TASK DESCRIPTION -> An exact transcription of the data below is needed.
----- GIVEN ENTRIES
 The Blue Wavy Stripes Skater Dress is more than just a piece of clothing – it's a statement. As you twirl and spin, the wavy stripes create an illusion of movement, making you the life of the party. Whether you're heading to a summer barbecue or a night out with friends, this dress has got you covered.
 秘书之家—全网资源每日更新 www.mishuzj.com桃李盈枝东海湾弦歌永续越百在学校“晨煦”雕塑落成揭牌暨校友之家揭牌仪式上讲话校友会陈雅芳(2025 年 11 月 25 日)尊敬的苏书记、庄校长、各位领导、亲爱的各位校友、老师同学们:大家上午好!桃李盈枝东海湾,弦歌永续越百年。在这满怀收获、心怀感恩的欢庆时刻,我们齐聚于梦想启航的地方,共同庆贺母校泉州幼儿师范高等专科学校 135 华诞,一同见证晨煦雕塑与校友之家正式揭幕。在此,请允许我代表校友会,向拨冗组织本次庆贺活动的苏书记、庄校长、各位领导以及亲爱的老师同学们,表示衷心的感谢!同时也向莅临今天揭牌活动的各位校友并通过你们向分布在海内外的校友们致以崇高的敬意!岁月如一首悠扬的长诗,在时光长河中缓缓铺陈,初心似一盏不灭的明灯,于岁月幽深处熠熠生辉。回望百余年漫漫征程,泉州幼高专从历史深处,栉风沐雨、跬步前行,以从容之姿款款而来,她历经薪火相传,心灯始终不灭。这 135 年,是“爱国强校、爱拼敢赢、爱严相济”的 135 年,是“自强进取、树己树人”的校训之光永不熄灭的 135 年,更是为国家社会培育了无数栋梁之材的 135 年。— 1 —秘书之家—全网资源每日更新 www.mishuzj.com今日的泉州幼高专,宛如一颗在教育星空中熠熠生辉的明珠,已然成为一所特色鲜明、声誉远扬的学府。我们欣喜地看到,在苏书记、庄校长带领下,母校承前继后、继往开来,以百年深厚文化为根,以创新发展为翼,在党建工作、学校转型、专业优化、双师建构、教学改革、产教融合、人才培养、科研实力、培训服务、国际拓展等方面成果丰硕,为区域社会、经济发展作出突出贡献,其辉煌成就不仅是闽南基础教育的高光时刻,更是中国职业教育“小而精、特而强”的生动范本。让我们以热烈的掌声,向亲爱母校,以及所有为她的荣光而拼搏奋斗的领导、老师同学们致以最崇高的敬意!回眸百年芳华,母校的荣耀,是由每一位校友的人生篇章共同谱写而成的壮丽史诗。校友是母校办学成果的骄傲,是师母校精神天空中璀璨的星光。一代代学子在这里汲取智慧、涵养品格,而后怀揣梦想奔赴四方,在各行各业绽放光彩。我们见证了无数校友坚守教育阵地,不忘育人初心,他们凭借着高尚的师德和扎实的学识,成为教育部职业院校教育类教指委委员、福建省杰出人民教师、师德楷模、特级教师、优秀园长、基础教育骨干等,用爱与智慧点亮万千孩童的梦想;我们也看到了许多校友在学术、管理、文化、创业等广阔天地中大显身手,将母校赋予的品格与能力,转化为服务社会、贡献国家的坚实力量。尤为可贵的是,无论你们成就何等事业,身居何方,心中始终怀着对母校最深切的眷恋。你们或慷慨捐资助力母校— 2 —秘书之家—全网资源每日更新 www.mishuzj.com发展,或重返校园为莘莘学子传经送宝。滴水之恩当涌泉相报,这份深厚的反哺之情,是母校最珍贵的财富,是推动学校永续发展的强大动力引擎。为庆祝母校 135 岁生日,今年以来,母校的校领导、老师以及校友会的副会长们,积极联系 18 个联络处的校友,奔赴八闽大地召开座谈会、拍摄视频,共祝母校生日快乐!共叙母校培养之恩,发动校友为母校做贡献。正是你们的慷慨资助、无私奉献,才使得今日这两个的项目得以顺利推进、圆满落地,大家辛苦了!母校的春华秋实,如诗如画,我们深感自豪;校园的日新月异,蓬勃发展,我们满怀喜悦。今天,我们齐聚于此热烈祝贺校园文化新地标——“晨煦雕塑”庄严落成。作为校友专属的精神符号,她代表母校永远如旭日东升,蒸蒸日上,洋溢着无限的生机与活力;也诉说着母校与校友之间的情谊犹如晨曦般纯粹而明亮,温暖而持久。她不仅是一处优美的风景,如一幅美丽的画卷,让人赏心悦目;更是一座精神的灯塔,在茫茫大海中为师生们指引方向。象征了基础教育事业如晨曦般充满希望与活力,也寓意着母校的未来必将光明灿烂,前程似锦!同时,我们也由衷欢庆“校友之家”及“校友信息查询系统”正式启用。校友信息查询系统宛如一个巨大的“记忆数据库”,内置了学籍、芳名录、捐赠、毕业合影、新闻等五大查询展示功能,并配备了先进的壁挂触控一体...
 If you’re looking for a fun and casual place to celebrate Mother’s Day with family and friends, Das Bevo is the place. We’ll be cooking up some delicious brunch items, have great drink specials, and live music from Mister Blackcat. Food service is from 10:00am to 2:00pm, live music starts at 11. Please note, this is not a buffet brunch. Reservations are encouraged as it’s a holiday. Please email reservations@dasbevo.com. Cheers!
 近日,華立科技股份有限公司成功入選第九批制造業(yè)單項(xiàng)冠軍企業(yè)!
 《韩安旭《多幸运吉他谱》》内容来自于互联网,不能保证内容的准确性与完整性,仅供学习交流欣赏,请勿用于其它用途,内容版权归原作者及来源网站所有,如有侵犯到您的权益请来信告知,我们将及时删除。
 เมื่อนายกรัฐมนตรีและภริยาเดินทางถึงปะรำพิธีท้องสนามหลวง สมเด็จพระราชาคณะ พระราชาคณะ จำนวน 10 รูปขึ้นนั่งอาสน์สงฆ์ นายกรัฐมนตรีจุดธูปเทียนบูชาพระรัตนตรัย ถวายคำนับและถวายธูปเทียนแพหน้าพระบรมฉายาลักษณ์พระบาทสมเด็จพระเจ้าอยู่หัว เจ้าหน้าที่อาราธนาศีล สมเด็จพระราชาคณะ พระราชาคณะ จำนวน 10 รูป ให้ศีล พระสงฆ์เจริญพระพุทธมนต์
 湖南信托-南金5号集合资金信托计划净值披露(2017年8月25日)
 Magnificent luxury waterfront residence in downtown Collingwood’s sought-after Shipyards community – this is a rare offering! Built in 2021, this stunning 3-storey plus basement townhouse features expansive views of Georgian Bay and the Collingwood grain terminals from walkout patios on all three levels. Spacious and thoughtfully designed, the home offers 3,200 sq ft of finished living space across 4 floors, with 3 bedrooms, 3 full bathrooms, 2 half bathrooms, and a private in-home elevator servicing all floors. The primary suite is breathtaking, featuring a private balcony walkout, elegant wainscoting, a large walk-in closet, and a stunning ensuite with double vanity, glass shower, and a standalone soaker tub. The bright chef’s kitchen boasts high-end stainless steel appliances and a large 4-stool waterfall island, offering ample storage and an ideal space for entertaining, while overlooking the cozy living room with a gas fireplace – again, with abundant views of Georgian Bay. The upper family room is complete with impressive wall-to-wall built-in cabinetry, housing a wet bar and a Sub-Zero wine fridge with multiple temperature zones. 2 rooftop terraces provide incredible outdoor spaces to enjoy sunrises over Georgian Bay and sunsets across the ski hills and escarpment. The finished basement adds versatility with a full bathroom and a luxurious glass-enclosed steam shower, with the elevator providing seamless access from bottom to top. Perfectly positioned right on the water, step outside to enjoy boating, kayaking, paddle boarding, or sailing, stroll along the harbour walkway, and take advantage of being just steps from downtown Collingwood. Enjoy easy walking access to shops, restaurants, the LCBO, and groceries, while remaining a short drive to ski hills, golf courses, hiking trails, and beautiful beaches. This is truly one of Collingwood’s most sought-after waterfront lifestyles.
----------
SOLUTION FOR THIS PROBLEM ->
 The Blue Wavy Stripes Skater Dress is more than just a piece of clothing – it's a statement. As you twirl and spin, the wavy stripes create an illusion of movement, making you the life of the party. Whether you're heading to a summer barbecue or a night out with friends, this dress has got you covered.
 秘书之家—全网资源每日更新 www.mishuzj.com桃李盈枝东海湾弦歌永续越百在学校“晨煦”雕塑落成揭牌暨校友之家揭牌仪式上讲话校友会陈雅芳(2025 年 11 月 25 日)尊敬的苏书记、庄校长、各位领导、亲爱的各位校友、老师同学们:大家上午好!桃李盈枝东海湾,弦歌永续越百年。在这满怀收获、心怀感恩的欢庆时刻,我们齐聚于梦想启航的地方,共同庆贺母校泉州幼儿师范高等专科学校 135 华诞,一同见证晨煦雕塑与校友之家正式揭幕。在此,请允许我代表校友会,向拨冗组织本次庆贺活动的苏书记、庄校长、各位领导以及亲爱的老师同学们,表示衷心的感谢!同时也向莅临今天揭牌活动的各位校友并通过你们向分布在海内外的校友们致以崇高的敬意!岁月如一首悠扬的长诗,在时光长河中缓缓铺陈,初心似一盏不灭的明灯,于岁月幽深处熠熠生辉。回望百余年漫漫征程,泉州幼高专从历史深处,栉风沐雨、跬步前行,以从容之姿款款而来,她历经薪火相传,心灯始终不灭。这 135 年,是“爱国强校、爱拼敢赢、爱严相济”的 135 年,是“自强进取、树己树人”的校训之光永不熄灭的 135 年,更是为国家社会培育了无数栋梁之材的 135 年。— 1 —秘书之家—全网资源每日更新 www.mishuzj.com今日的泉州幼高专,宛如一颗在教育星空中熠熠生辉的明珠,已然成为一所特色鲜明、声誉远扬的学府。我们欣喜地看到,在苏书记、庄校长带领下,母校承前继后、继往开来,以百年深厚文化为根,以创新发展为翼,在党建工作、学校转型、专业优化、双师建构、教学改革、产教融合、人才培养、科研实力、培训服务、国际拓展等方面成果丰硕,为区域社会、经济发展作出突出贡献,其辉煌成就不仅是闽南基础教育的高光时刻,更是中国职业教育“小而精、特而强”的生动范本。让我们以热烈的掌声,向亲爱母校,以及所有为她的荣光而拼搏奋斗的领导、老师同学们致以最崇高的敬意!回眸百年芳华,母校的荣耀,是由每一位校友的人生篇章共同谱写而成的壮丽史诗。校友是母校办学成果的骄傲,是师母校精神天空中璀璨的星光。一代代学子在这里汲取智慧、涵养品格,而后怀揣梦想奔赴四方,在各行各业绽放光彩。我们见证了无数校友坚守教育阵地,不忘育人初心,他们凭借着高尚的师德和扎实的学识,成为教育部职业院校教育类教指委委员、福建省杰出人民教师、师德楷模、特级教师、优秀园长、基础教育骨干等,用爱与智慧点亮万千孩童的梦想;我们也看到了许多校友在学术、管理、文化、创业等广阔天地中大显身手,将母校赋予的品格与能力,转化为服务社会、贡献国家的坚实力量。尤为可贵的是,无论你们成就何等事业,身居何方,心中始终怀着对母校最深切的眷恋。你们或慷慨捐资助力母校— 2 —秘书之家—全网资源每日更新 www.mishuzj.com发展,或重返校园为莘莘学子传经送宝。滴水之恩当涌泉相报,这份深厚的反哺之情,是母校最珍贵的财富,是推动学校永续发展的强大动力引擎。为庆祝母校 135 岁生日,今年以来,母校的校领导、老师以及校友会的副会长们,积极联系 18 个联络处的校友,奔赴八闽大地召开座谈会、拍摄视频,共祝母校生日快乐!共叙母校培养之恩,发动校友为母校做贡献。正是你们的慷慨资助、无私奉献,才使得今日这两个的项目得以顺利推进、圆满落地,大家辛苦了!母校的春华秋实,如诗如画,我们深感自豪;校园的日新月异,蓬勃发展,我们满怀喜悦。今天,我们齐聚于此热烈祝贺校园文化新地标——“晨煦雕塑”庄严落成。作为校友专属的精神符号,她代表母校永远如旭日东升,蒸蒸日上,洋溢着无限的生机与活力;也诉说着母校与校友之间的情谊犹如晨曦般纯粹而明亮,温暖而持久。她不仅是一处优美的风景,如一幅美丽的画卷,让人赏心悦目;更是一座精神的灯塔,在茫茫大海中为师生们指引方向。象征了基础教育事业如晨曦般充满希望与活力,也寓意着母校的未来必将光明灿烂,前程似锦!同时,我们也由衷欢庆“校友之家”及“校友信息查询系统”正式启用。校友信息查询系统宛如一个巨大的“记忆数据库”,内置了学籍、芳名录、捐赠、毕业合影、新闻等五大查询展示功能,并配备了先进的壁挂触控一体...
 If you’re looking for a fun and casual place to celebrate Mother’s Day with family and friends, Das Bevo is the place. We’ll be cooking up some delicious brunch items, have great drink specials, and live music from Mister Blackcat. Food service is from 10:00am to 2:00pm, live music starts at 11. Please note, this is not a buffet brunch. Reservations are encouraged as it’s a holiday. Please email reservations@dasbevo.com. Cheers!
 近日,華立科技股份有限公司成功入選第九批制造業(yè)單項(xiàng)冠軍企業(yè)!
 《韩安旭《多幸运吉他谱》》内容来自于互联网,不能保证内容的准确性与完整性,仅供学习交流欣赏,请勿用于其它用途,内容版权归原作者及来源网站所有,如有侵犯到您的权益请来信告知,我们将及时删除。
 เมื่อนายกรัฐมนตรีและภริยาเดินทางถึงปะรำพิธีท้องสนามหลวง สมเด็จพระราชาคณะ พระราชาคณะ จำนวน 10 รูปขึ้นนั่งอาสน์สงฆ์ นายกรัฐมนตรีจุดธูปเทียนบูชาพระรัตนตรัย ถวายคำนับและถวายธูปเทียนแพหน้าพระบรมฉายาลักษณ์พระบาทสมเด็จพระเจ้าอยู่หัว เจ้าหน้าที่อาราธนาศีล สมเด็จพระราชาคณะ พระราชาคณะ จำนวน 10 รูป ให้ศีล พระสงฆ์เจริญพระพุทธมนต์
 湖南信托-南金5号集合资金信托计划净值披露(2017年8月25日)
 Magnificent luxury waterfront residence in downtown Collingwood’s sought-after Shipyards community – this is a rare offering! Built in 2021, this stunning 3-storey plus basement townhouse features expansive views of Georgian Bay and the Collingwood grain terminals from walkout patios on all three levels. Spacious and thoughtfully designed, the home offers 3,200 sq ft of finished living space across 4 floors, with 3 bedrooms, 3 full bathrooms, 2 half bathrooms, and a private in-home elevator servicing all floors. The primary suite is breathtaking, featuring a private balcony walkout, elegant wainscoting, a large walk-in closet, and a stunning ensuite with double vanity, glass shower, and a standalone soaker tub. The bright chef’s kitchen boasts high-end stainless steel appliances and a large 4-stool waterfall island, offering ample storage and an ideal space for entertaining, while overlooking the cozy living room with a gas fireplace – again, with abundant views of Georgian Bay. The upper family room is complete with impressive wall-to-wall built-in cabinetry, housing a wet bar and a Sub-Zero wine fridge with multiple temperature zones. 2 rooftop terraces provide incredible outdoor spaces to enjoy sunrises over Georgian Bay and sunsets across the ski hills and escarpment. The finished basement adds versatility with a full bathroom and a luxurious glass-enclosed steam shower, with the elevator providing seamless access from bottom to top. Perfectly positioned right on the water, step outside to enjoy boating, kayaking, paddle boarding, or sailing, stroll along the harbour walkway, and take advantage of being just steps from downtown Collingwood. Enjoy easy walking access to shops, restaurants, the LCBO, and groceries, while remaining a short drive to ski hills, golf courses, hiking trails, and beautiful beaches. This is truly one of Collingwood’s most sought-after waterfront lifestyles.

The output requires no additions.